Questa è la fase del pensiero operatorio concreto, che dura fino agli 1112 anni ed è seguita da quella del
pensiero operatorio formale, in cui
il bambino diventa capace di ragionare astrattamente, sulla base di ipotesi e deduzioni, in modo del tutto
simile a quello dell’adulto. Anche se
la teoria di Piaget ha subito nel corso
degli anni numerosi rimaneggiamenti ed è stata oggetto di molte critiche,
nei suoi aspetti fondamentali resta
un ottimo punto di riferimento per
capire e interpretare i processi dello
sviluppo intellettivo nei bambini
normodotati che vivono in un contesto sufficientemente stimolante. Diverso, invece, è il caso dei bimbi che
subiscono prima, durante o dopo la
nascita, un danno cerebrale. Questi
hanno in genere difficoltà di sviluppo intellettivo, che possono andare
da un grado lieve ad una notevole
gravità. Le cause di danno cerebrale
sono molteplici: si va da quelle ereditarie (soprattutto malattie metaboliche) a quelle dovute ad alterazioni
cromosomiche (come la sindrome di
Down), a quelle provocate da prematurità, infezioni o intossicazioni durante la gravidanza, alle malattie infettive (soprattutto virali) o altre malattie gravi contratte nella prima infanzia. È importante sottolineare che
il ritardo mentale comporta inevitabilmente problemi di apprendimento e di linguaggio, ma non è vero il
contrario. Difficoltà di linguaggio e/o
di apprendimento possono infatti
esistere come condizioni isolate, in
soggetti che hanno un livello di intelligenza potenzialmente normale.

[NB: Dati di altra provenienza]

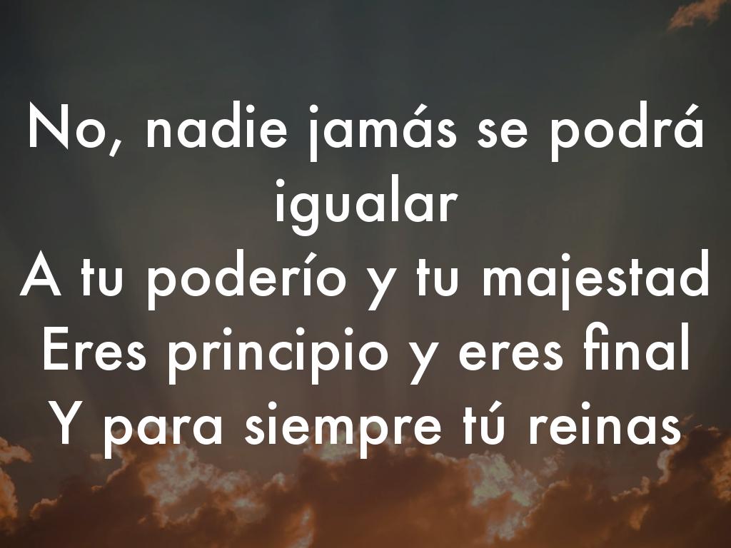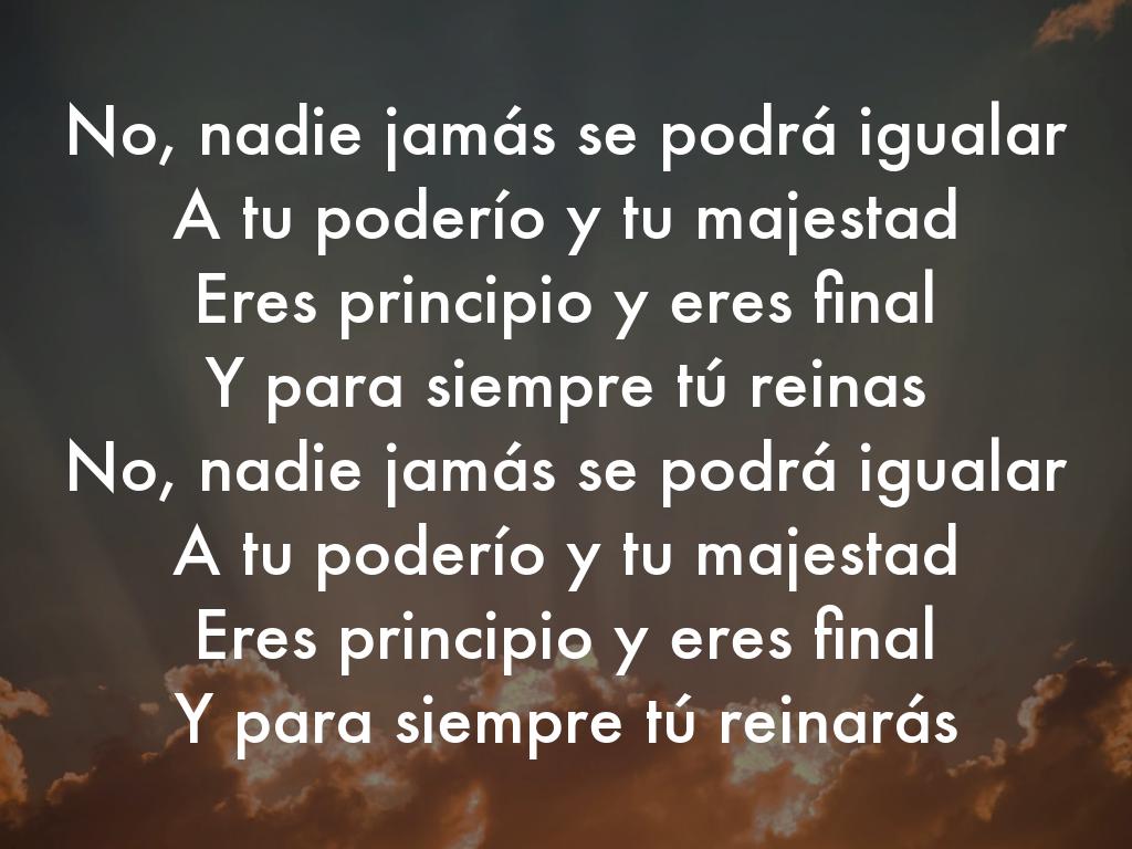 No, nadie jamás se podrá igualar A tu poderío y tu majestad Eres principio y eres final Y para siempre tú reinas No, nadie jamás se podrá igualar A tu poderío y tu majestad Eres principio y eres final Y para siempre tú reinarás

Occorrono quindi valutazioni accurate da parte di specialisti per poter
diagnosticare la presenza e la gravità
di un ritardo. Se quest’ultimo effettivamente esiste, il bambino può giovarsi notevolmente di trattamenti
riabilitativi sistematici e, in età scolare, di apporti didattici adeguati. La
riabilitazione del ritardo mentale si
basa oggi su tecniche sofisticate di tipo neuropsicologico che mirano al
potenziamento della memoria e delle strategie di risoluzione dei problemi, avvalendosi anche di strumenti
informatici. Non bisogna quindi cedere alla disperazione di fronte a
questo tipo di diagnosi: il recupero,
infatti, è sempre possibile in una certa misura; inoltre anche le persone
che hanno una capacità mentale al
di sotto della norma possono condurre un’esistenza dignitosa ed equilibrata se si coltiva il più possibile la
loro intelligenza emotiva che, come
abbiamo visto, ha ben poco a che fare con il Q.I.